» AVAILABLE DATA

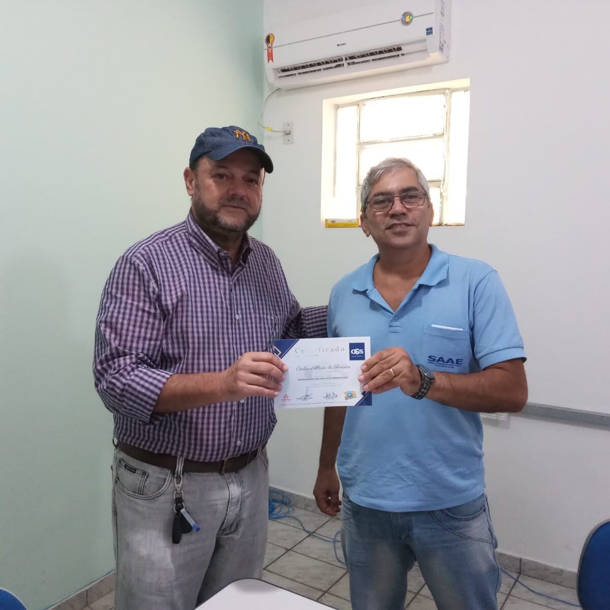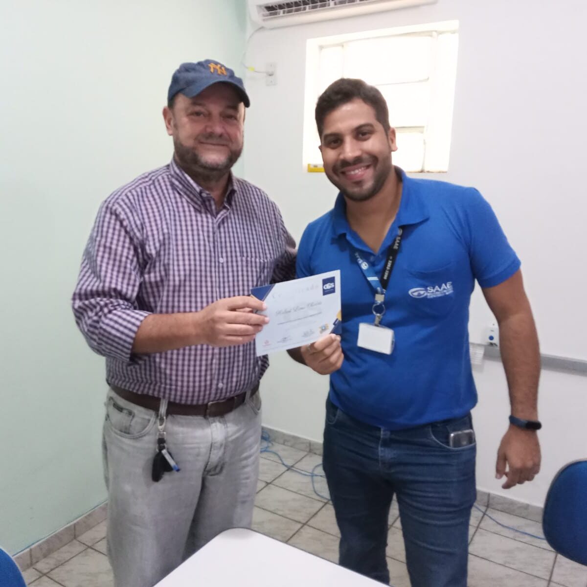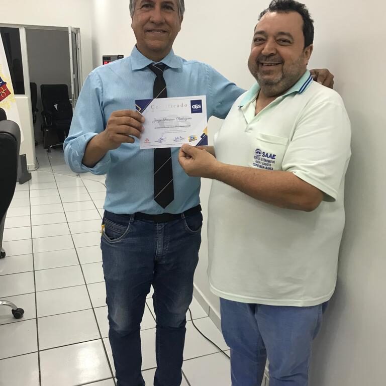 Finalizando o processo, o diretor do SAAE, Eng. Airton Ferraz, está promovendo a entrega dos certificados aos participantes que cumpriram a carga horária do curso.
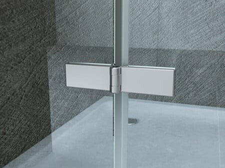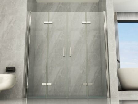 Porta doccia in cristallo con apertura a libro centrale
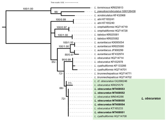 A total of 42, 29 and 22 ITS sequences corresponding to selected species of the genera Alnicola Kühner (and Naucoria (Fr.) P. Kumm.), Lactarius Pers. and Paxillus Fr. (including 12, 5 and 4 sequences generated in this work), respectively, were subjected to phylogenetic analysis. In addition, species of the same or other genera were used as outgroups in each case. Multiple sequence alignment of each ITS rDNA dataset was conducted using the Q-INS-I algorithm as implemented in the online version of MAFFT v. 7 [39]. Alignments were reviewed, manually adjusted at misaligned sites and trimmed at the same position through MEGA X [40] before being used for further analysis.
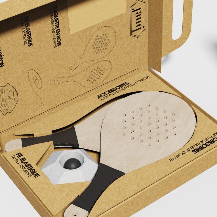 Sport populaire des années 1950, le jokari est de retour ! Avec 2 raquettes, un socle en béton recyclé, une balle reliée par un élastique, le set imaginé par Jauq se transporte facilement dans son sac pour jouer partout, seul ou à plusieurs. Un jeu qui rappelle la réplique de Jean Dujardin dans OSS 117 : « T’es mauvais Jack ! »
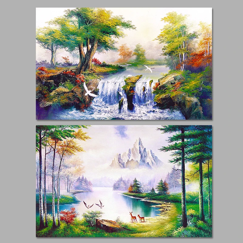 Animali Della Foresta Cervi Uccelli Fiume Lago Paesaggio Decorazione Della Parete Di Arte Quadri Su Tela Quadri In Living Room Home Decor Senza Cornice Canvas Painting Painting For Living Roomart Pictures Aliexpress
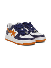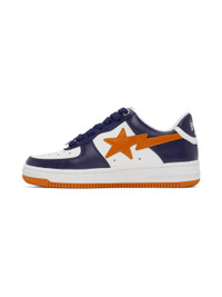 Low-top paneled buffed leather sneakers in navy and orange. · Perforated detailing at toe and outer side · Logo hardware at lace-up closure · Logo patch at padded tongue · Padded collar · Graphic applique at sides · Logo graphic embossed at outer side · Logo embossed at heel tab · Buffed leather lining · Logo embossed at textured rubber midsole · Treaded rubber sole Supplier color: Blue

» WHAT IS BEING ASKED
Only the text of the records belongs in your answer, repeated exactly; the pictures stay out.

» THE COMPLETED TASK
 Finalizando o processo, o diretor do SAAE, Eng. Airton Ferraz, está promovendo a entrega dos certificados aos participantes que cumpriram a carga horária do curso.
 Porta doccia in cristallo con apertura a libro centrale
 A total of 42, 29 and 22 ITS sequences corresponding to selected species of the genera Alnicola Kühner (and Naucoria (Fr.) P. Kumm.), Lactarius Pers. and Paxillus Fr. (including 12, 5 and 4 sequences generated in this work), respectively, were subjected to phylogenetic analysis. In addition, species of the same or other genera were used as outgroups in each case. Multiple sequence alignment of each ITS rDNA dataset was conducted using the Q-INS-I algorithm as implemented in the online version of MAFFT v. 7 [39]. Alignments were reviewed, manually adjusted at misaligned sites and trimmed at the same position through MEGA X [40] before being used for further analysis.
 Sport populaire des années 1950, le jokari est de retour ! Avec 2 raquettes, un socle en béton recyclé, une balle reliée par un élastique, le set imaginé par Jauq se transporte facilement dans son sac pour jouer partout, seul ou à plusieurs. Un jeu qui rappelle la réplique de Jean Dujardin dans OSS 117 : « T’es mauvais Jack ! »
 Animali Della Foresta Cervi Uccelli Fiume Lago Paesaggio Decorazione Della Parete Di Arte Quadri Su Tela Quadri In Living Room Home Decor Senza Cornice Canvas Painting Painting For Living Roomart Pictures Aliexpress
 Low-top paneled buffed leather sneakers in navy and orange. · Perforated detailing at toe and outer side · Logo hardware at lace-up closure · Logo patch at padded tongue · Padded collar · Graphic applique at sides · Logo graphic embossed at outer side · Logo embossed at heel tab · Buffed leather lining · Logo embossed at textured rubber midsole · Treaded rubber sole Supplier color: Blue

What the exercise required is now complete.